Not able to apply lambda function to a dataset
The dataset contains a columns Pclass with values(1, 2, 3) and Age.The Age column has some null values. I want to replace those null values with median age of people in different class. Median age of people in 1st class is 37, 2nd class is 29 and 3rd class is 24.
So here is the code of what I am trying to do:
def fill_age(x):
if pd.isna(x['Age']) and x['Pclass'] == 1:
return 37
elif pd.isna(x['Age']) and x['Pclass'] == 2:
return 29
elif pd.isna(x['Age']) and x['pclass'] == 3:
return 24
else:
return x['Age']
df['Age'] = df.apply(fill_age)
But this is the error I am getting:
KeyError Traceback (most recent call last)

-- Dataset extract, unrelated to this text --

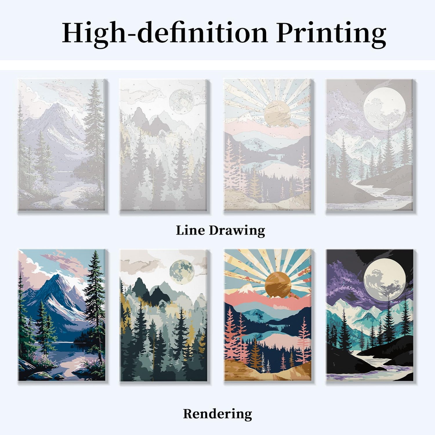 JOOZ 4 Pack Framed Paint by Numbers Kit for Adults, Mountain Sunset Paint by Number with Easel, DIY Moon Lake Adult Paint by Number Kits on Canvas, Landscape Oil Painting Kit for Home Decor 8x12 Inch
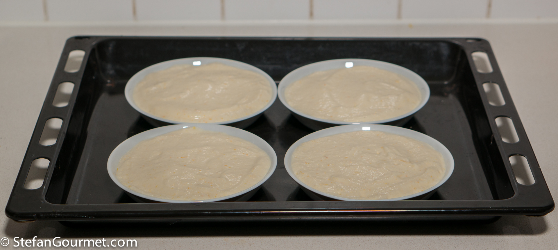 If using ramekins, pour the batter into the ramekins. As you will be serving it in the ramekins, there is no need to butter them.

<ipython-input-126-7375a6b3c119> in <module>
----> 1 df['Age'] = df.apply(fill_age)
KeyError: 'Age'
Please let me know what I am doing wrong. Thankyou in advance.
Use DataFrame.apply
per axis=1
:
df['Age'] = df.apply(fill_age, axis=1)
For vectorized (faster) alternative use Series.fillna
with mapping by Series.map
by dictionary:
df['Age'] = df['Age'].fillna(df['Pclass'].map({1:37,2:29,3:24}))